Bruce Sterling

Essays. FSF Columns

OUTER CYBERSPACE

Dreaming of space-flight, and predicting its future, have always been favorite pastimes of science fiction. In my first science column for F&SF, I can't resist the urge to contribute a bit to this grand tradition.

A science-fiction writer in 1991 has a profound advantage over the genre's pioneers. Nowadays, space-exploration has a past as well as a future. "The conquest of space" can be judged today, not just by dreams, but by a real-life track record.
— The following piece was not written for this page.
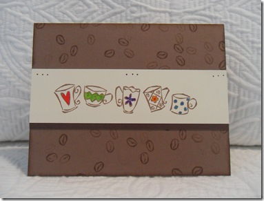 The next time you create a card, try a monochromatic card and accent with very small amounts of color. It really highlights the area with color! Another great tip is to add piercing with your needle tool to create a border. I had planned on punching a scallop trim border along the top, but realized I had not done so AFTER I had attached it to the card. Rather than risk pulling it off, I decided some piercing might do the trick. I like it. Again, the attention is all on the stamped colored cups.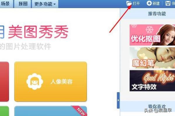 1、想要去除照片上的衣服,首先应该在应用市场现在一个美图秀秀,并且在手机主界面上打开美图秀秀,点右上角“打开”按钮,从中搜索出一张我们要修改的照片

Some people sincerely believe that humanity's destiny lies in the stars, and that humankind evolved from the primordial slime in order to people the galaxy. These are interesting notions: mystical and powerful ideas with an almost religious appeal. They also smack a little of Marxist historical determinism, which is one reason why the Soviets found them particularly attractive.
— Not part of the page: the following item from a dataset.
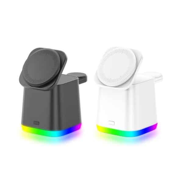 The Lamar 15W magnetic wireless charging stand is foldable and compact, making it an ideal desktop or bedside device. It simultaneously allows for quick and efficient charging of your Qi-compatible phone, TWS earbuds with wireless charging cases, and an iWatch or Samsung Galaxy Watch. This stand features magnetic phone charging in portrait and landscape orientation, a switchable tricolour nightlight and a detachable watch charger that can be removed and used independently via any USB-A port on the road. Safety is a top priority with this device, which includes ventilation holes that help reduce heat build-up, foreign object detection, overcurrent protection, and short-circuit prevention. The package includes a Type-C charging cable, an 18W (QC3.0) wall adaptor, and a user manual. Materials: ABS, Acrylic.

Americans can appreciate mystical blue-sky rhetoric as well as anybody, but the philosophical glamor of "storming the cosmos" wasn't enough to motivate an American space program all by itself. Instead, the Space Race was a creation of the Cold War -- its course was firmly set in the late '50s and early '60s. Americans went into space *because* the Soviets had gone into space, and because the Soviets were using Sputnik and Yuri Gagarin to make a case that their way of life was superior to capitalism.

The Space Race was a symbolic tournament for the newfangled intercontinental rockets whose primary purpose (up to that point) had been as instruments of war. The Space Race was the harmless, symbolic, touch-football version of World War III. For this reason alone: that it did no harm, and helped avert a worse clash -- in my opinion, the Space Race was worth every cent. But the fact that it was a political competition had certain strange implications.